┌─ Dataset

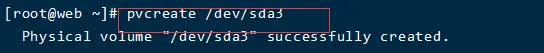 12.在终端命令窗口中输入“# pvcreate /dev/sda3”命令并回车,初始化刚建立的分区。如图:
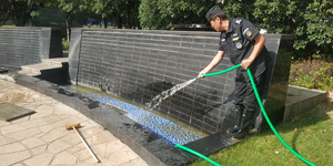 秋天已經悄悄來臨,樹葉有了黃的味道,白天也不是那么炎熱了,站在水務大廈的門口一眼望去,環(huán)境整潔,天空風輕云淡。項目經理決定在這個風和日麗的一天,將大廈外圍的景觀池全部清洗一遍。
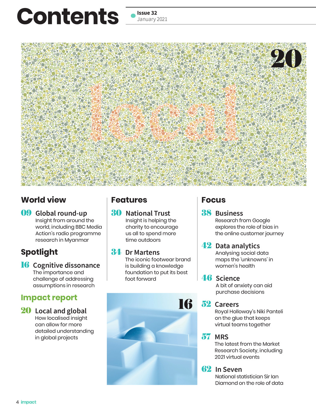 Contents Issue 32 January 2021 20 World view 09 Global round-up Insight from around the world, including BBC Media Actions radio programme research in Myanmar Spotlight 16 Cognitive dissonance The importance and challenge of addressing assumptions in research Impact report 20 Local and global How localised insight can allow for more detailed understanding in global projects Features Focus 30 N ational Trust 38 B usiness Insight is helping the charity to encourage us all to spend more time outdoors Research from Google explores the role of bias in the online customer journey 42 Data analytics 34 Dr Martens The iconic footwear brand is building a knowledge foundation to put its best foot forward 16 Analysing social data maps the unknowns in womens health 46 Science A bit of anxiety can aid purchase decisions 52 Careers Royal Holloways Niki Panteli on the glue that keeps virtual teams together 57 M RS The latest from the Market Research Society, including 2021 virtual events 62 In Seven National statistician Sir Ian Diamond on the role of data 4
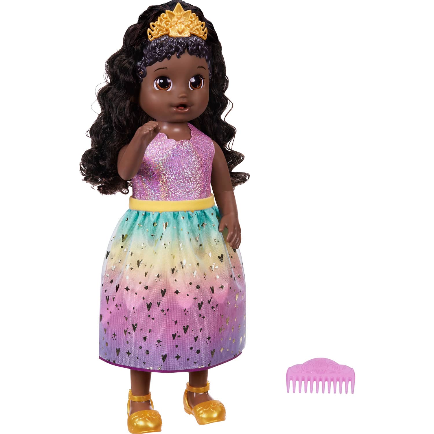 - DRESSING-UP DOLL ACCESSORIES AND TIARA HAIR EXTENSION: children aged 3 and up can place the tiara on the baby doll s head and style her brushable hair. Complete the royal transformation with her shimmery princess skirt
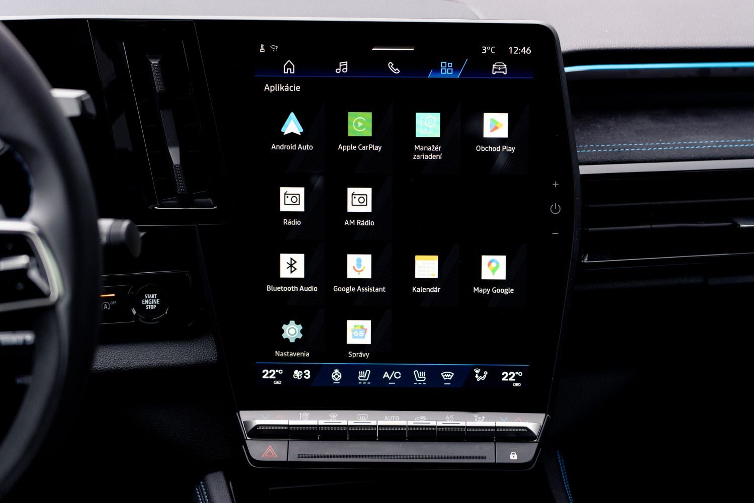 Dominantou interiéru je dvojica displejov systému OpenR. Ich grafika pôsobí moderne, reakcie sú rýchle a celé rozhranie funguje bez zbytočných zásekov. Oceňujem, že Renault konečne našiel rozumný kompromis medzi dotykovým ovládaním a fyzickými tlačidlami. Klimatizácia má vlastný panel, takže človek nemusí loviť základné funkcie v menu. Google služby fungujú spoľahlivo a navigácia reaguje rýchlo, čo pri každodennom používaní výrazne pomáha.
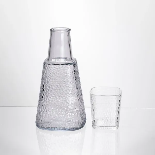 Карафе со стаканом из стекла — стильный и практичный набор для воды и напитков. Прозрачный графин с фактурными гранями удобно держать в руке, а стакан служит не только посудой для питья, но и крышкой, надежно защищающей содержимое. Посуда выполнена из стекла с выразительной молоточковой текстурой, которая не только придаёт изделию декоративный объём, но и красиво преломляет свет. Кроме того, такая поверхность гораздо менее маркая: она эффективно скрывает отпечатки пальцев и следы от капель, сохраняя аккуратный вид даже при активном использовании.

└─

Retype the data exactly; images stay out.

### Answer section:
 12.在终端命令窗口中输入“# pvcreate /dev/sda3”命令并回车,初始化刚建立的分区。如图:
 秋天已經悄悄來臨,樹葉有了黃的味道,白天也不是那么炎熱了,站在水務大廈的門口一眼望去,環(huán)境整潔,天空風輕云淡。項目經理決定在這個風和日麗的一天,將大廈外圍的景觀池全部清洗一遍。
 Contents Issue 32 January 2021 20 World view 09 Global round-up Insight from around the world, including BBC Media Actions radio programme research in Myanmar Spotlight 16 Cognitive dissonance The importance and challenge of addressing assumptions in research Impact report 20 Local and global How localised insight can allow for more detailed understanding in global projects Features Focus 30 N ational Trust 38 B usiness Insight is helping the charity to encourage us all to spend more time outdoors Research from Google explores the role of bias in the online customer journey 42 Data analytics 34 Dr Martens The iconic footwear brand is building a knowledge foundation to put its best foot forward 16 Analysing social data maps the unknowns in womens health 46 Science A bit of anxiety can aid purchase decisions 52 Careers Royal Holloways Niki Panteli on the glue that keeps virtual teams together 57 M RS The latest from the Market Research Society, including 2021 virtual events 62 In Seven National statistician Sir Ian Diamond on the role of data 4
 - DRESSING-UP DOLL ACCESSORIES AND TIARA HAIR EXTENSION: children aged 3 and up can place the tiara on the baby doll s head and style her brushable hair. Complete the royal transformation with her shimmery princess skirt
 Dominantou interiéru je dvojica displejov systému OpenR. Ich grafika pôsobí moderne, reakcie sú rýchle a celé rozhranie funguje bez zbytočných zásekov. Oceňujem, že Renault konečne našiel rozumný kompromis medzi dotykovým ovládaním a fyzickými tlačidlami. Klimatizácia má vlastný panel, takže človek nemusí loviť základné funkcie v menu. Google služby fungujú spoľahlivo a navigácia reaguje rýchlo, čo pri každodennom používaní výrazne pomáha.
 Карафе со стаканом из стекла — стильный и практичный набор для воды и напитков. Прозрачный графин с фактурными гранями удобно держать в руке, а стакан служит не только посудой для питья, но и крышкой, надежно защищающей содержимое. Посуда выполнена из стекла с выразительной молоточковой текстурой, которая не только придаёт изделию декоративный объём, но и красиво преломляет свет. Кроме того, такая поверхность гораздо менее маркая: она эффективно скрывает отпечатки пальцев и следы от капель, сохраняя аккуратный вид даже при активном использовании.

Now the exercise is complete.